■ TASK DETAILS ■
A faithful copy of all the data is the goal; omit the pictures.

■ EXERCISE INPUT ■

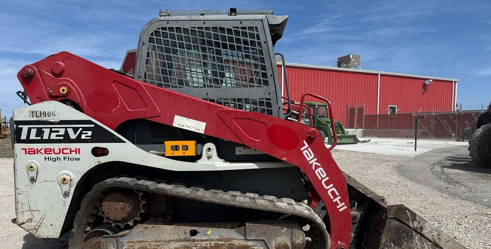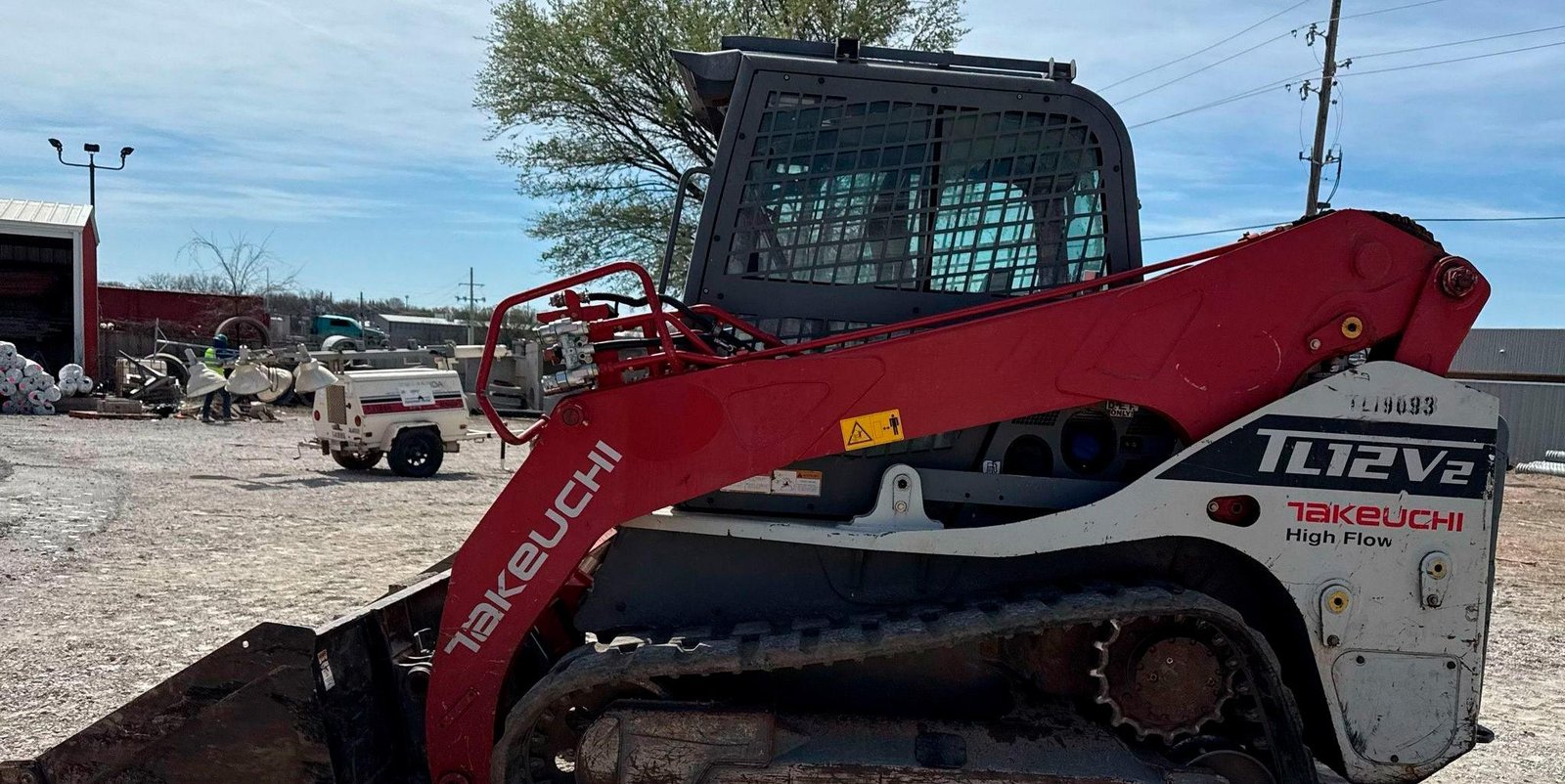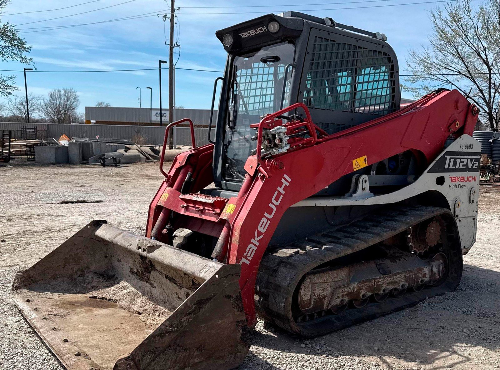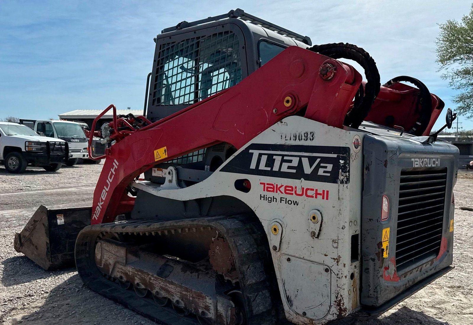 2019 Takeuchi TL12V-2 Tracked Skid Steer Loader — 3.8L Kubota diesel, two-speed, high-flow aux, manual coupler.
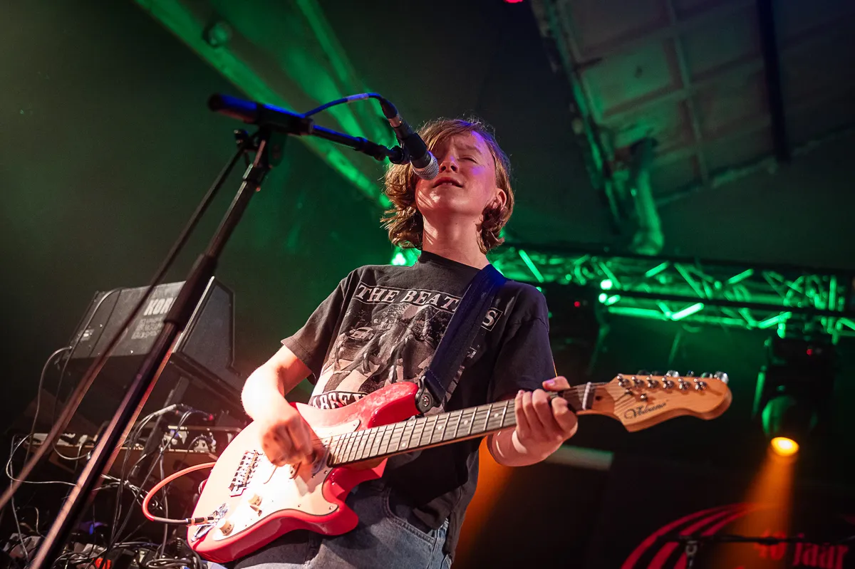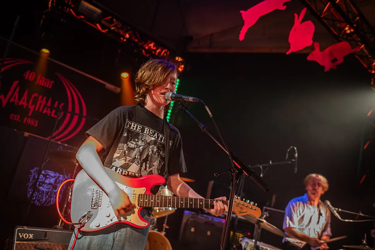 Het Vlaamse Kipgeweer trapt af met een mooie set eigen nummers. De 12-jarige (!) Neo Deweze brengt ze met verve op gitaar en zang, begeleid door zijn vader Pascal (bekend van de band Metal Molly, ooit op een eerder label van Waaghals) op drums. Energiek, gedurfd en razend echt, zowel qua spel als teksten. De ad hoc afwezigheid van de bassist doet niet hoorbaar afbreuk aan de muziek, vader en zoon kijken elkaar af en toe aan bij een missend baslijntje, maar spelen net zo hard door. Zeker richting het einde van de set gooit Neo zijn mond open dat het een lieve lust is. Die komt er wel.
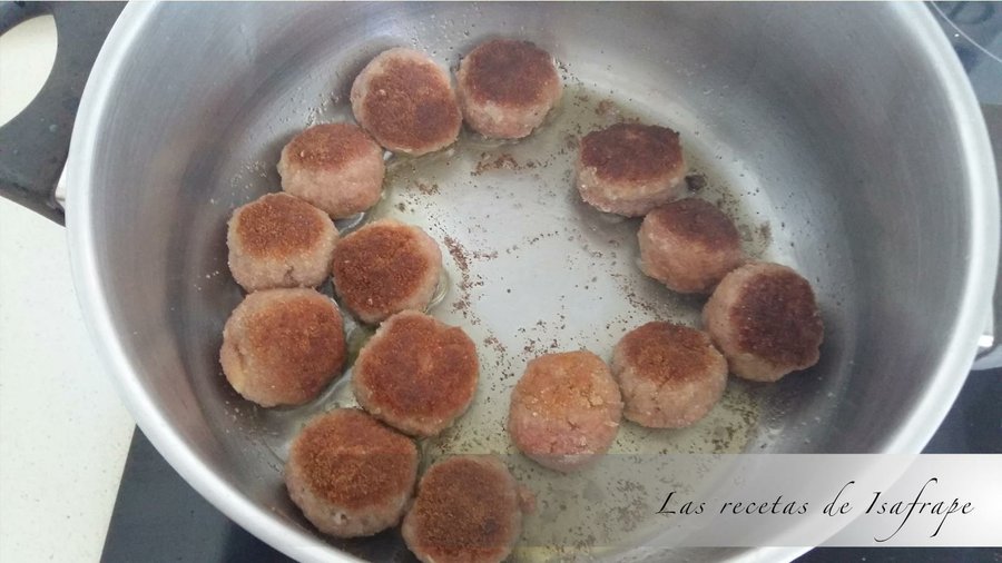 En una olla o cazuela ponemos el aceite a calentar y vamos añadiendo las albóndigas. Las hacemos por fuera a fuego medio, no importa que queden crudas por dentro. Las vamos sacando con la ayuda de una espumadera y las depositamos en una fuente o plato.
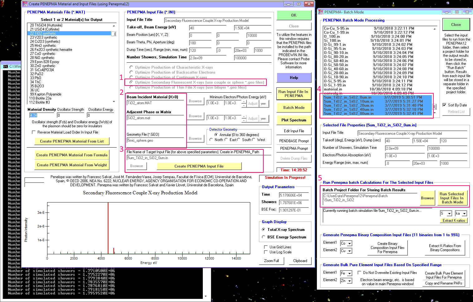 For ultimate accuracy one should utilize the full Penepma Monte Carlo code GUI, because it can handle any boundary geometry, though it does take a lot longer. However one can create a bunch of input files that can be run as a batch. This is this the GUI window running the full Penepma FORTRAN code, which is opened when clicking the Penepma Monte Carlo menu in Standard:
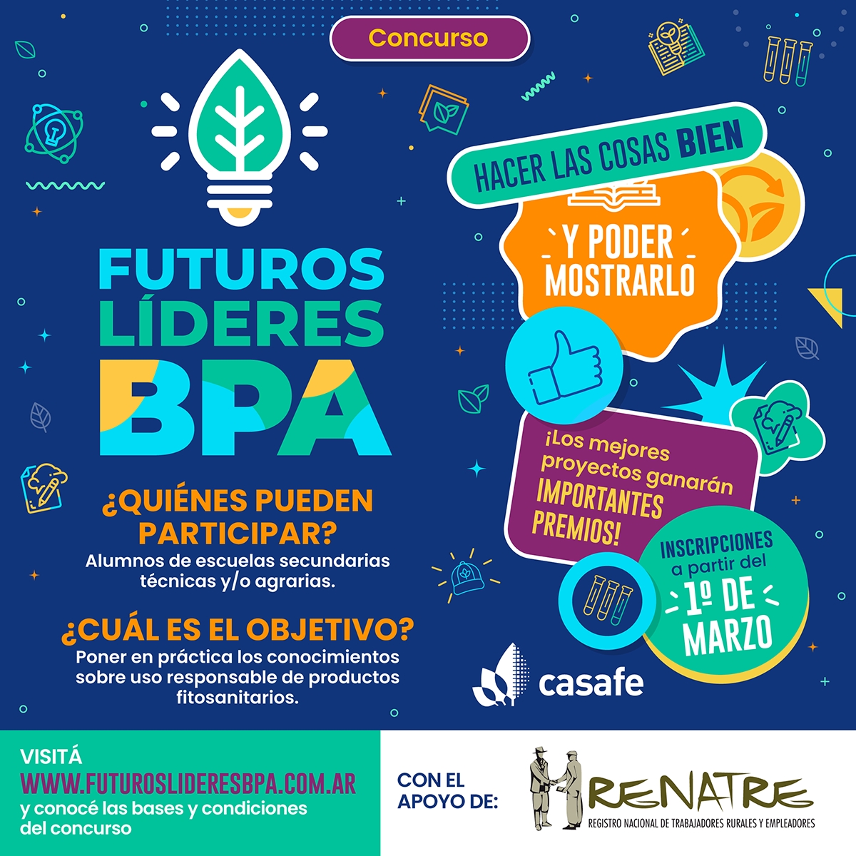CASAFE convoca a los alumnos de escuelas secundarias a demostrar que la implementación de las Buenas Prácticas Agrícolas en el uso de fitosanitarios es posible. Hasta el 14 de abril, está abierta la inscripción al concurso Futuros Líderes BPA, para más información ingresar a http://futuroslideresBPA.com.ar.
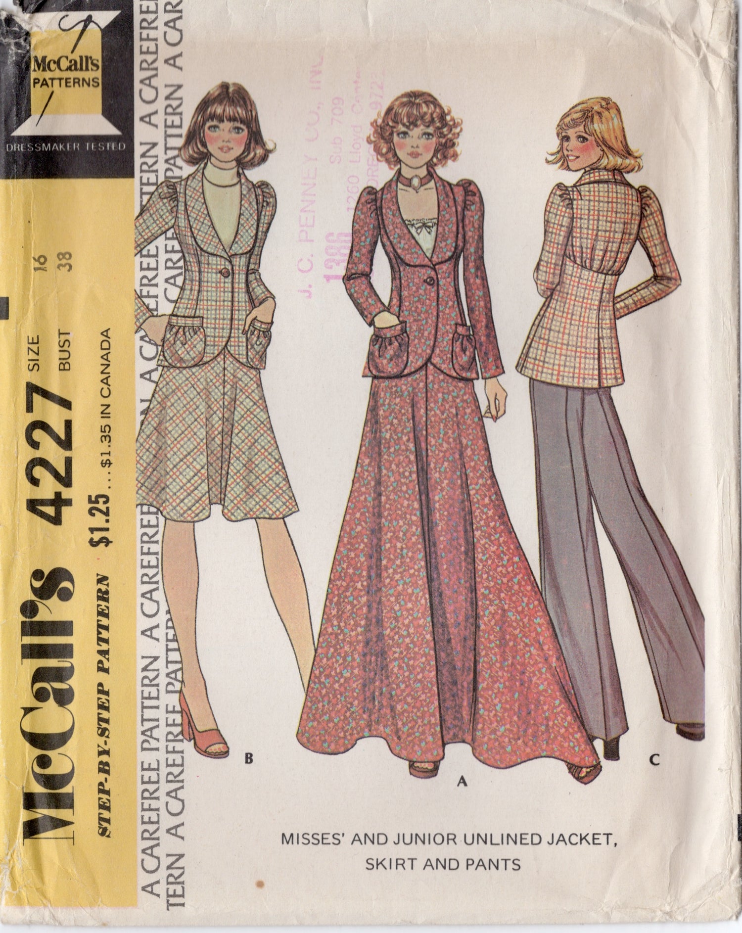 1970's McCall's Unlined Jacket with Patch pockets, Midi or Maxi Skirt and Pants Pattern - Bust 38" - No. 4227 is backordered and will ship as soon as it is back in stock.

■ TASK RESULT ■
 2019 Takeuchi TL12V-2 Tracked Skid Steer Loader — 3.8L Kubota diesel, two-speed, high-flow aux, manual coupler.
 Het Vlaamse Kipgeweer trapt af met een mooie set eigen nummers. De 12-jarige (!) Neo Deweze brengt ze met verve op gitaar en zang, begeleid door zijn vader Pascal (bekend van de band Metal Molly, ooit op een eerder label van Waaghals) op drums. Energiek, gedurfd en razend echt, zowel qua spel als teksten. De ad hoc afwezigheid van de bassist doet niet hoorbaar afbreuk aan de muziek, vader en zoon kijken elkaar af en toe aan bij een missend baslijntje, maar spelen net zo hard door. Zeker richting het einde van de set gooit Neo zijn mond open dat het een lieve lust is. Die komt er wel.
 En una olla o cazuela ponemos el aceite a calentar y vamos añadiendo las albóndigas. Las hacemos por fuera a fuego medio, no importa que queden crudas por dentro. Las vamos sacando con la ayuda de una espumadera y las depositamos en una fuente o plato.
 For ultimate accuracy one should utilize the full Penepma Monte Carlo code GUI, because it can handle any boundary geometry, though it does take a lot longer. However one can create a bunch of input files that can be run as a batch. This is this the GUI window running the full Penepma FORTRAN code, which is opened when clicking the Penepma Monte Carlo menu in Standard:
CASAFE convoca a los alumnos de escuelas secundarias a demostrar que la implementación de las Buenas Prácticas Agrícolas en el uso de fitosanitarios es posible. Hasta el 14 de abril, está abierta la inscripción al concurso Futuros Líderes BPA, para más información ingresar a http://futuroslideresBPA.com.ar.
 1970's McCall's Unlined Jacket with Patch pockets, Midi or Maxi Skirt and Pants Pattern - Bust 38" - No. 4227 is backordered and will ship as soon as it is back in stock.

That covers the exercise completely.